RIGHT TO CIVIL DISOBEDIENCE/NON-VIOLENT RESISTANCE
By Ephraim S. A. Essien

Civil disobedience is the active refusal to obey certain laws, policies, demands and commands of a government or leader, or of an occupying power, without resorting to physical violence. It is one of
the many ways people have rebelled against unfair laws. Although the word “civil" has many definitions, the one that is intended in the case of “civil” disobedience is “relating to citizens and their interrelations with one another or with the state.
Therefore, “civil disobedience” refers to “disobedience to the state”. Civil disobedience is the right citizens have to disobey an unjust law.
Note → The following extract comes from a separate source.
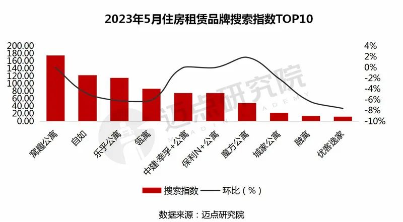 本月搜索指数排名前十的品牌依次是:窝趣公寓、自如、乐乎公寓、瓴寓、中建·幸孚+公寓、保利N+公寓、魔方公寓、城家公寓、融寓、优客逸家。其中,值得重点关注的是魔方公寓,本月搜索指数达到48.70,前十品牌中搜索指数涨幅最大。

Proponents of civil disobedience
John Locke, in his social contract theory had suggested that the people had a right to set up a
government (body politics) of their own through periodic elections. The people entrust sovereignty to the sovereign who is also part of the common wealth. The sovereign takes up the leadership of
government as a trust. However, if the sovereign betrays this trust, turning tyrannical, Locke argues
that exercise of government reverts to the governed, and the governed are at liberty to disobey the tyrannical sovereign, remove the tyrant, and constitute a new body politic.

England revolted in the Glorious Revolution of 1688 against the “divine rights monarchy" of King James I. Following the political philosophy of John Locke (an
ideological father of America), the American Federalist Fathers walked away from the kingship of George III to set up the United States of America in 1776. With the influence of the American Declaration of Independence, the French people revolted against the tyranny of King Louis IV; consequently 'downing'
the monarchy, thus revolting and declaring the rights of the citizen, summed up in the motto: Liberte, Egalite, Fraternite. The 1917 October Revolution in Russia was a civil disobedience against Tzarism.

Henry David Thoreau, an American author, pioneered the modern theory behind civil disobedience in his 1849 essay: CIVIL DISOBEDIENCE, originally titled Resistance to Civil
Government. Thoreau argues that people should not permit government to atrophy their consciences, and that people have a duty to avoid allowing such
acquiescence to enable the government to make them the agents of injustice. Thoreau refused to pay taxes as an act of protest against slavery and against the Mexican-American war.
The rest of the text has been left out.